START GIVEN ENTRIES

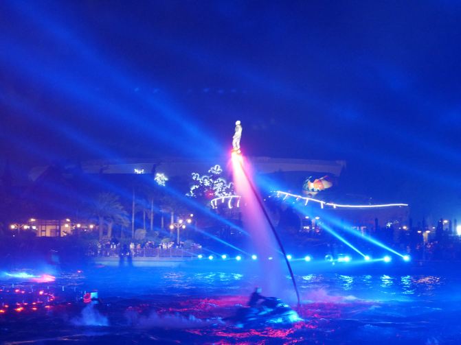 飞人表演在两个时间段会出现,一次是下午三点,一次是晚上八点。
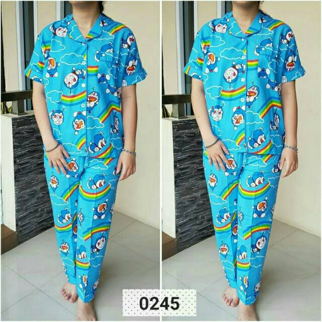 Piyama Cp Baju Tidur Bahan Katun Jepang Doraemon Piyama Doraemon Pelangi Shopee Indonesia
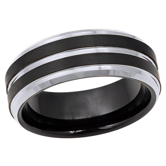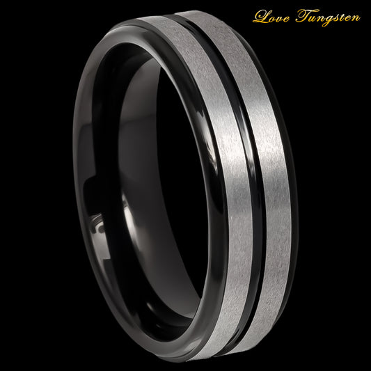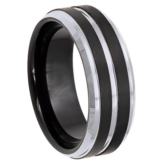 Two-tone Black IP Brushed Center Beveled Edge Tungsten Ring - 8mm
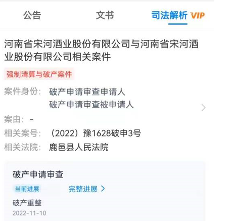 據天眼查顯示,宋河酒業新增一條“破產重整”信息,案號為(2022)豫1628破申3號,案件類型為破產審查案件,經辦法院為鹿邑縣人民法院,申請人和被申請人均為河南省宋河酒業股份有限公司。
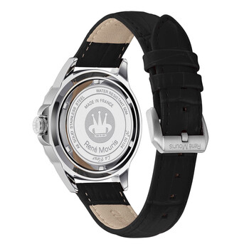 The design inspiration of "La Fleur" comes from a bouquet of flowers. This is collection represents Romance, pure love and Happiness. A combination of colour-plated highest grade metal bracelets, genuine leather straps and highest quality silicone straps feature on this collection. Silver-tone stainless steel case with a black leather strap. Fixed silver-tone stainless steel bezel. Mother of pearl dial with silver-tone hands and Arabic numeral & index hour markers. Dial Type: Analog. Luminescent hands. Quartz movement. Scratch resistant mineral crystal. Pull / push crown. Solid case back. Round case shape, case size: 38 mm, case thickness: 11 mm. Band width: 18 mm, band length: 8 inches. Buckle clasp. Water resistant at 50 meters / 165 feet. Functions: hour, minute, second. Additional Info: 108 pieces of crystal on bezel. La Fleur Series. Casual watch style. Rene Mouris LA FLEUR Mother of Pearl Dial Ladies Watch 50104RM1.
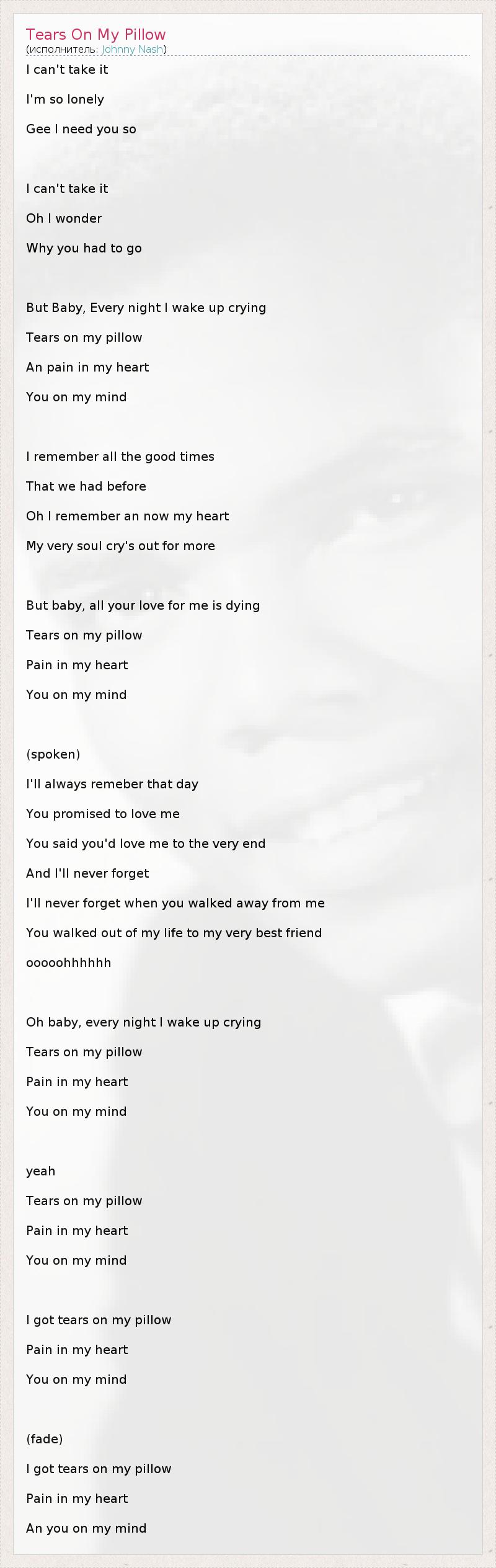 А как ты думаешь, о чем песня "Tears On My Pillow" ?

END GIVEN ENTRIES

EXERCISE REQUIREMENTS: Copy out each line of the data exactly as it reads; skip the pictures.

RESPONSE AREA:
 飞人表演在两个时间段会出现,一次是下午三点,一次是晚上八点。
 Piyama Cp Baju Tidur Bahan Katun Jepang Doraemon Piyama Doraemon Pelangi Shopee Indonesia
 Two-tone Black IP Brushed Center Beveled Edge Tungsten Ring - 8mm
 據天眼查顯示,宋河酒業新增一條“破產重整”信息,案號為(2022)豫1628破申3號,案件類型為破產審查案件,經辦法院為鹿邑縣人民法院,申請人和被申請人均為河南省宋河酒業股份有限公司。
 The design inspiration of "La Fleur" comes from a bouquet of flowers. This is collection represents Romance, pure love and Happiness. A combination of colour-plated highest grade metal bracelets, genuine leather straps and highest quality silicone straps feature on this collection. Silver-tone stainless steel case with a black leather strap. Fixed silver-tone stainless steel bezel. Mother of pearl dial with silver-tone hands and Arabic numeral & index hour markers. Dial Type: Analog. Luminescent hands. Quartz movement. Scratch resistant mineral crystal. Pull / push crown. Solid case back. Round case shape, case size: 38 mm, case thickness: 11 mm. Band width: 18 mm, band length: 8 inches. Buckle clasp. Water resistant at 50 meters / 165 feet. Functions: hour, minute, second. Additional Info: 108 pieces of crystal on bezel. La Fleur Series. Casual watch style. Rene Mouris LA FLEUR Mother of Pearl Dial Ladies Watch 50104RM1.
 А как ты думаешь, о чем песня "Tears On My Pillow" ?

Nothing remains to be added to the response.